Ms Corby put down the slow start to the season to the fact the winter and spring had been longer than usual this year, with the warmer weather not arriving until later than normal.
She said this year she had seen tiger snakes, browns and red-bellied black snakes among her catches in an area that covers Echuca to Euroa, Nagambie to Nathalia, and everything in between.
On a Saturday recently, she had four call-outs.
Among the more unusual calls was to remove a brown snake from a kitchen in Stanhope, as well as moving another brown snake from inside a light pole at netball courts in Echuca.
The snake at Echuca was the biggest Ms Corby has seen this season, and had been seen at the courts before youngsters were due to arrive to use them.
That job involved removing an access panel to the big light pole, and then gently prodding the snake with a stick to get it to move out of the wiring area.
Ms Corby also had to get a red-bellied black snake out of a can after its head had become stuck near Rushworth.
“If nobody found that it would have perished,” she said.
As it was, the snake was okay and was able to be released back into the bush.
Ms Corby said she had had a “mixed bag” of snakes this year because there had been a lot of spring rains.
“When it’s dry, you get mainly brown snakes,” she said.
“Tigers and red-bellied blacks are a marshy snake.
“You see tigers more around channels and water.”
Ms Corby said if people came across a snake in their backyard, they should not panic.
Her advice is that if the snake is within about a metre away, people should stand still.
“If it hasn’t taken off, freeze and become part of the environment. A snake is not scared of trees or a bush,” she said.
“Let it perceive you as an inanimate object.”
Once it is about six metres away, you can then safely walk backwards and go and call for help, she said.
Ms Corby said, however, that it was important to always leave a snake a path to exit.
When people were out walking in bush areas at this time of year, Ms Corby suggested they made sure they kept an eye out in front of them for snakes.
“If you are watching in front, you will see a snake before you get to it,” she said.
“Prevention is better than cure.”
If a snake is still and is sunning itself, Ms Corby said people should walk around it.
However, if it is moving across a path, they should stop and let it go, making sure it had a clear exit, she said.
“You don’t need to be afraid of a snake,” she said.
“It’s not an aggressor. It’s a coward. The only time a snake will defend itself is if you back it into a corner.”
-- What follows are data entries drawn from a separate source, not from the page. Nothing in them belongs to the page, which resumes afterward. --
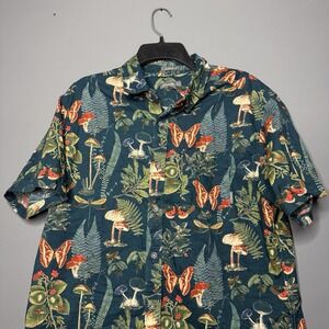 Eddie Bauer Shirt Mens Large Green Mushroom Nature Classic Fit Cotton Hawaiian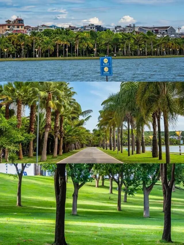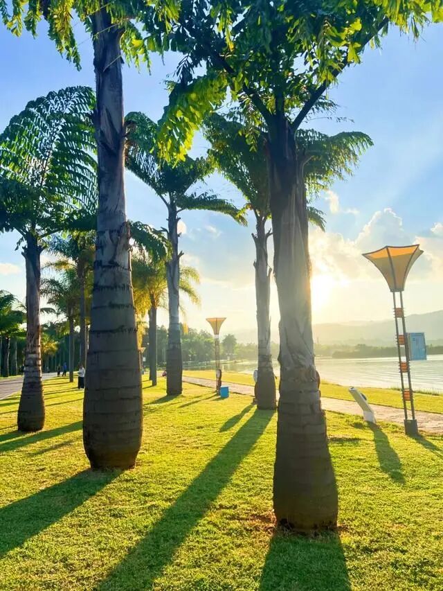 先走一走生态园,这有大片干净澄澈的湖泊,阳光大把的倾泻下来,两旁是摇曳的棕榈树,温暖明媚。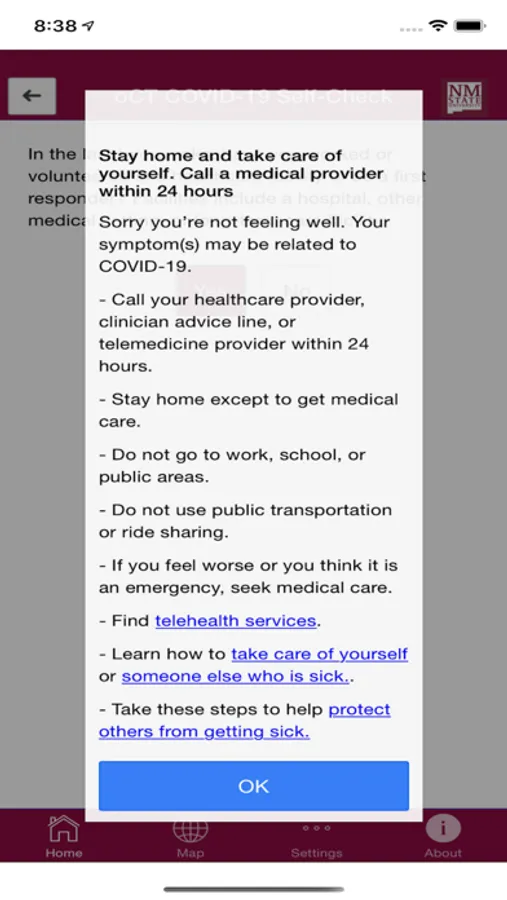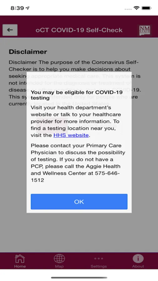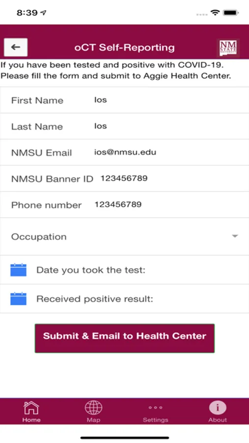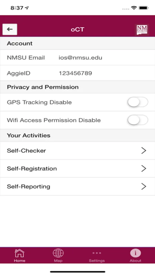 The Aggie-COVID-19 app is designed to support the return to campus activities of New Mexico State University (NMSU). The app allows students and staff to participate in the following activities: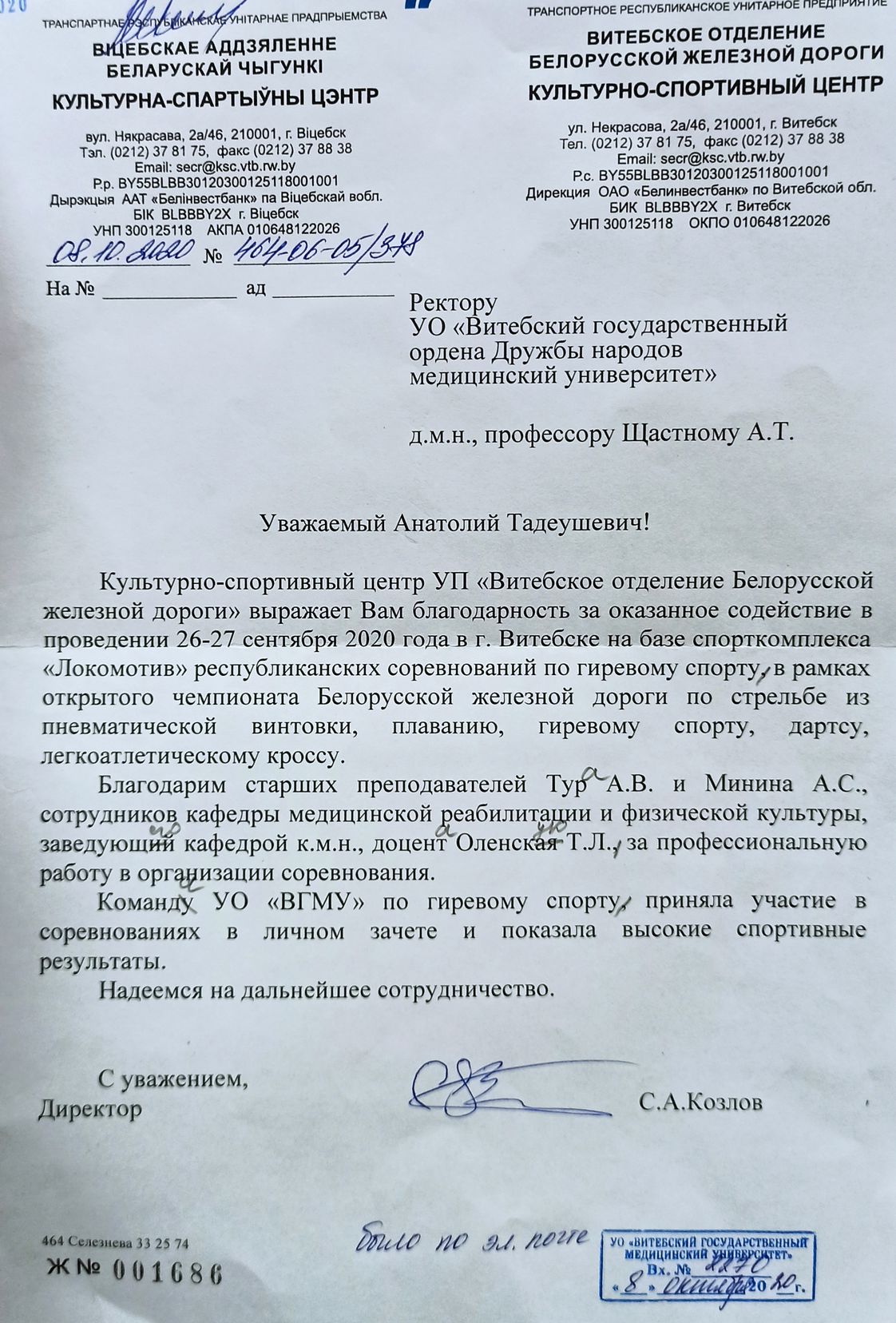 Культурно-спортивный центр УТТ «Витебское отделение Белорусской железной дороги» выражает Вам благодарность за оказанное содействие в проведении 26-27 сентября 2020 года в г. Витебске на базе спорткомплекса «Локомотив» республиканских соревнований по гиревому спорту в рамках открытого чемпионата Белорусской железной дороги по стрельбе из пневматической винтовки, плаванию, гиревому спорту, дартсу, легкоатлетическому кроссу.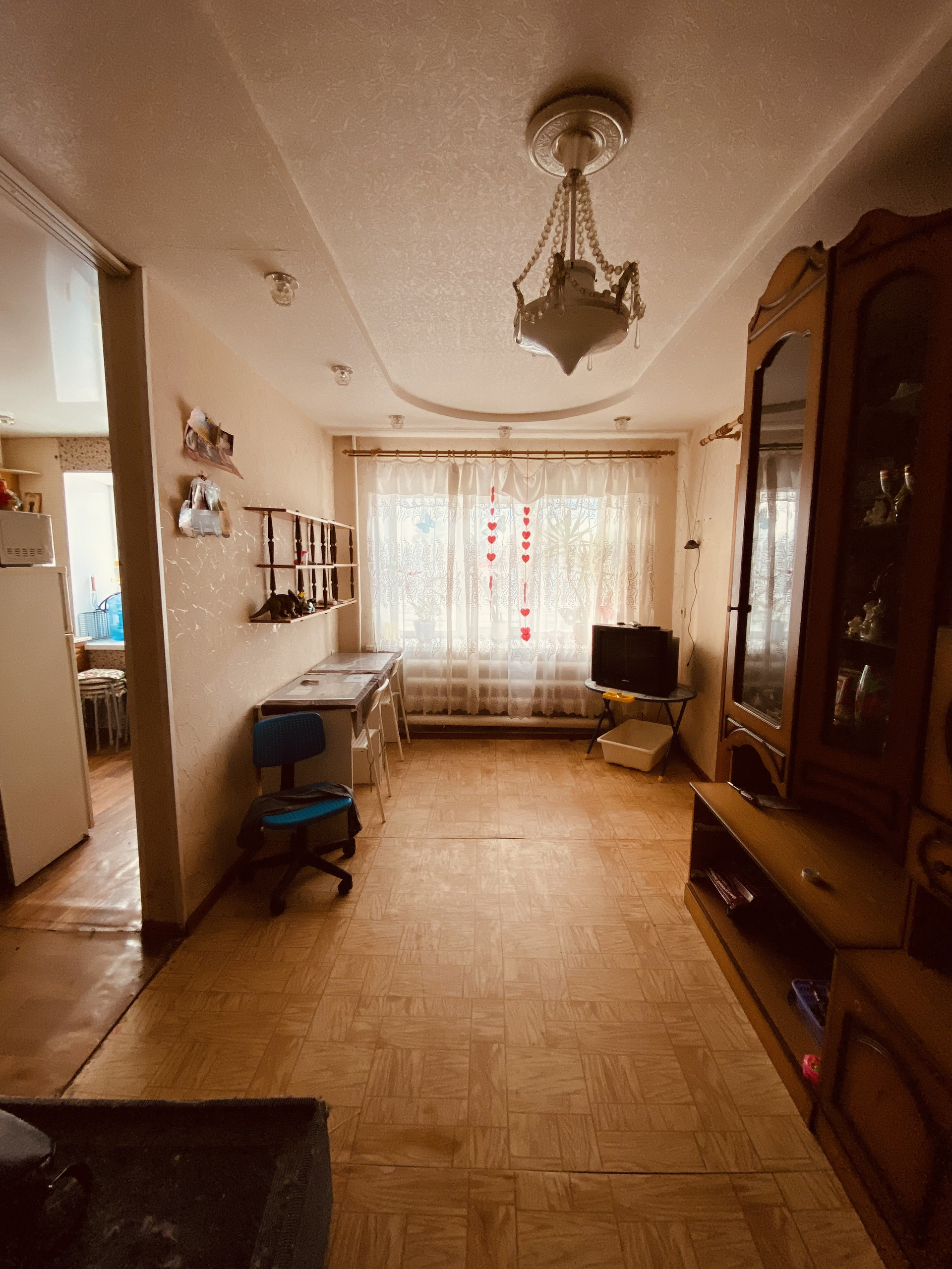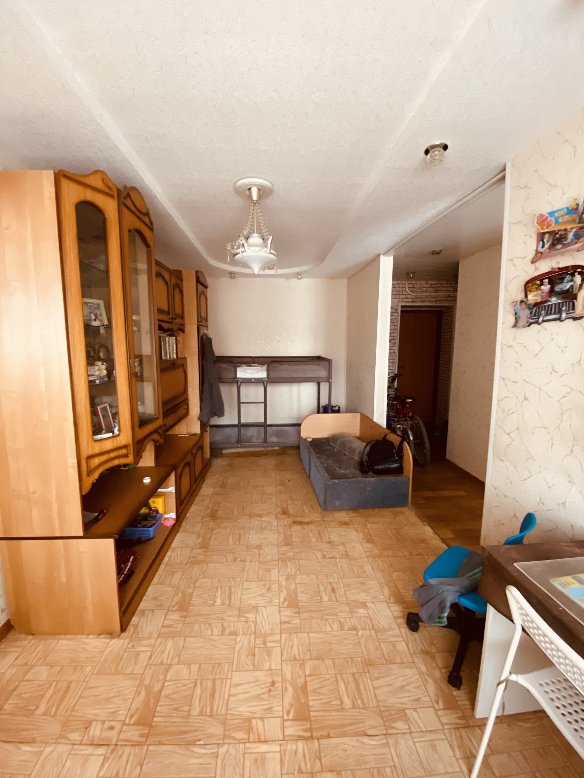 Окна заменены на пластиковые. На полу по всей квартире линолеум.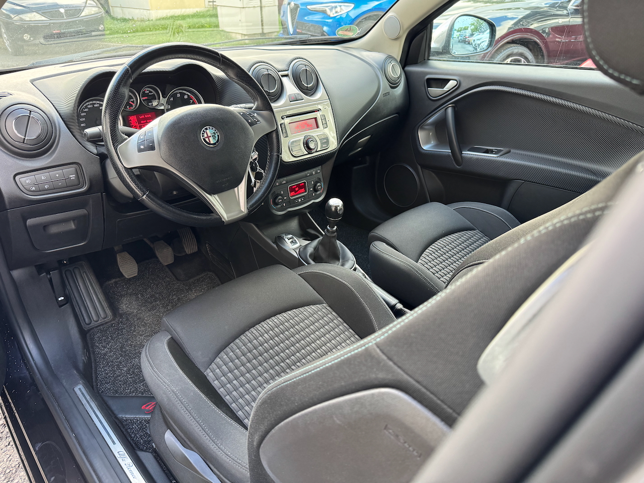 Alfa Romeo MiTo 1.4 16V Turbo 155HP, Brembo bremzes, sportpaka, "Nero Etna" metāliski melnā krāsa ar sarkanu pērli, karbona apdare, R17 8C stila diski, klimata kontrole, iebūvētais Blu&Me handsfree u.c.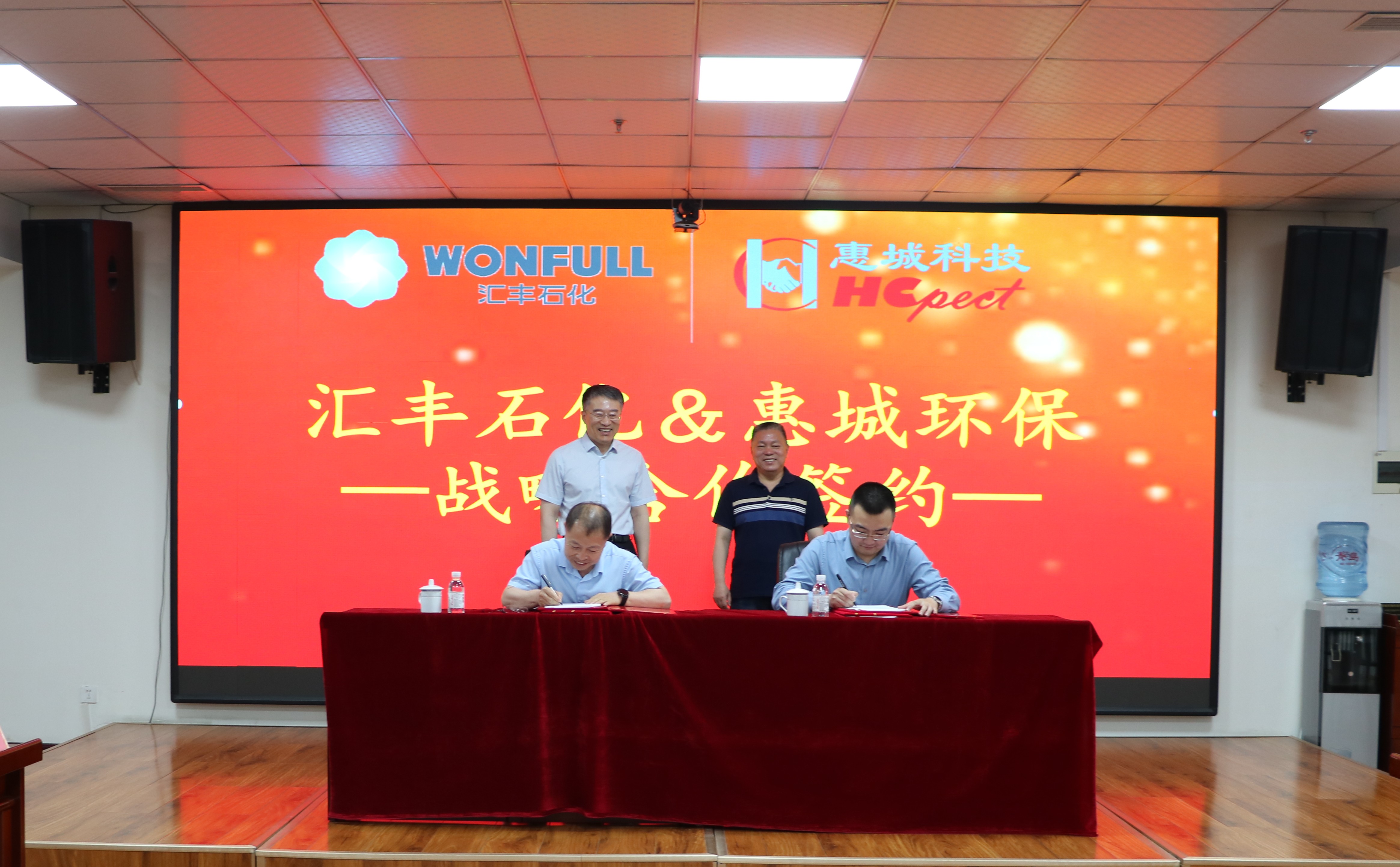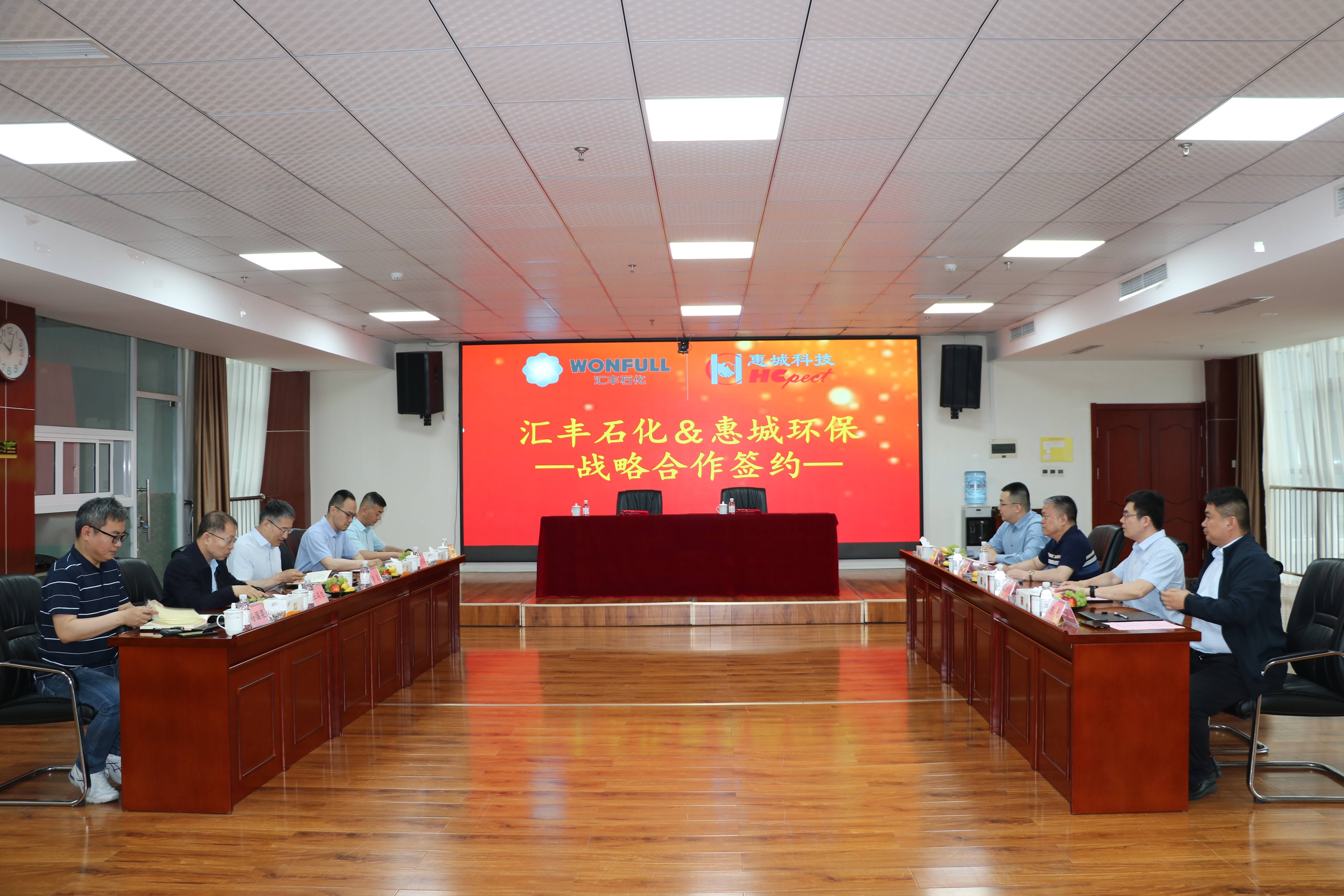 為進(jìn)一步推動綠色循環(huán)經(jīng)濟(jì)高質(zhì)量可持續(xù)發(fā)展,加快先進(jìn)環(huán)保技術(shù)成果轉(zhuǎn)化落地,5月18日,青島惠城環(huán)?萍技瘓F(tuán)股份有限公司(以下簡稱“惠城環(huán)!保┡c山東匯豐石化集團(tuán)有限公司(以下簡稱“匯豐石化”)戰(zhàn)略合作簽約儀式在惠城環(huán)保研發(fā)大樓418會議室隆重舉行。匯豐石化總裁李波、總工程師王瑞旭,惠城環(huán)保創(chuàng)始人張新功、總經(jīng)理林瀚等出席簽約儀式。
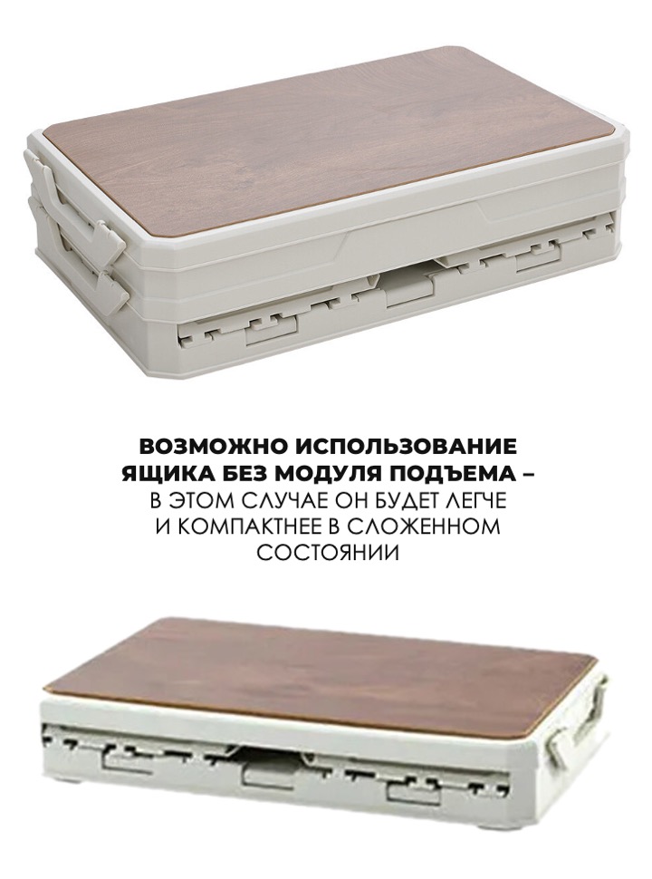 • Возможно использование ящика без модуля подъема - в этом случае он будет легче и компактнее в сложенном состоянии.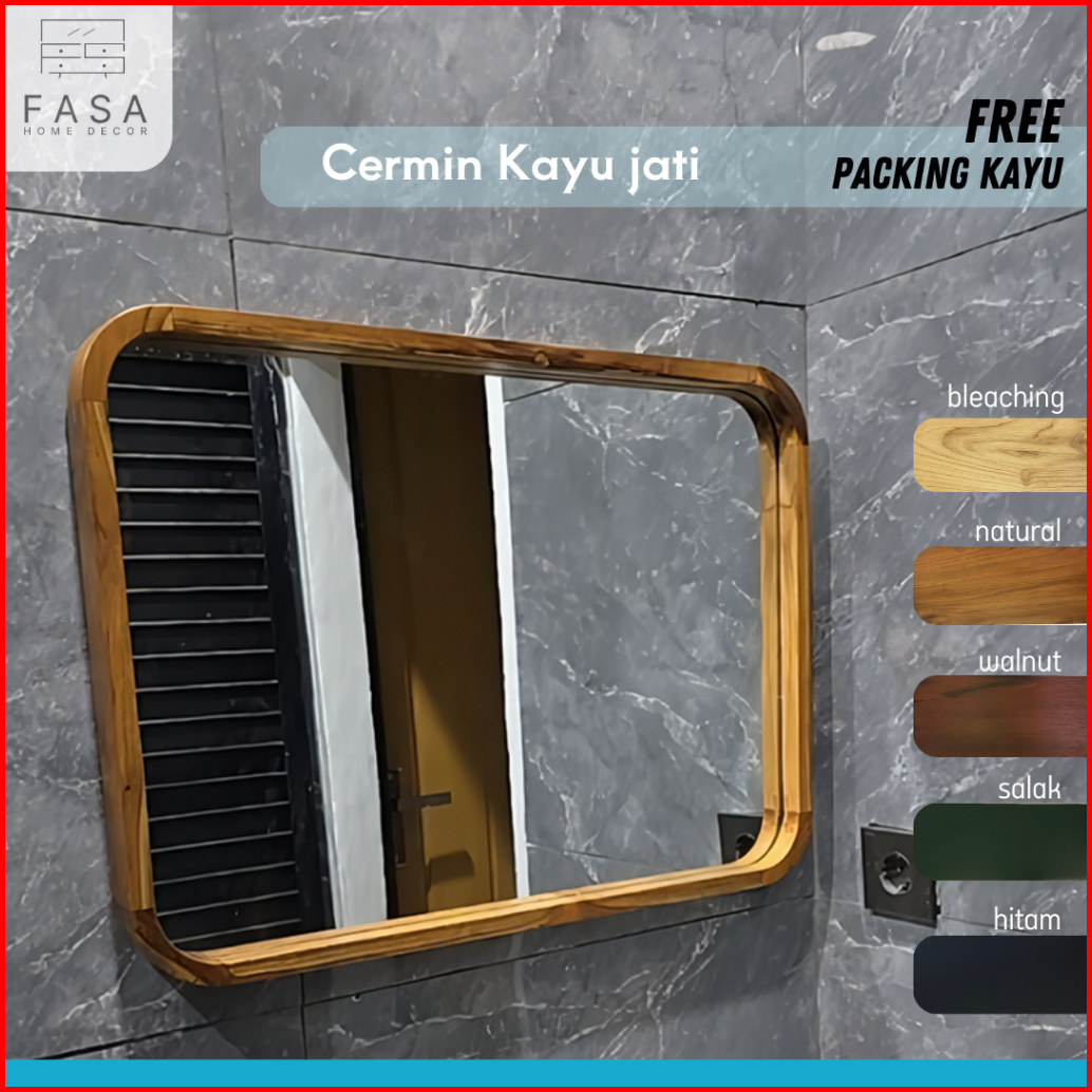 Cermin Kayu Jati Kotak Persegi Panjang Cermin Dinding Hias Minimalis Estetik Untuk Kamar

She warned snakes could be anywhere around bush or water, properties that back onto empty lots, vacant paddocks, or orchards.
Ms Corby also warned that snakes were generally spotted in the cooler parts of the day - in the evenings, around 6pm or 7pm, and also in the mornings around 7am.
They were not on the move in the middle of the day as it was too hot for them, she said.
Another misconception Ms Corby said a lot of people had about snakes was if they saw a baby snake, that there would be parents nearby.
This was simply not true, Ms Corby said.
“Browns don’t see their babies. They lay eggs and are gone,” she said.
“Tigers lay in sacks and they leave before they come out.”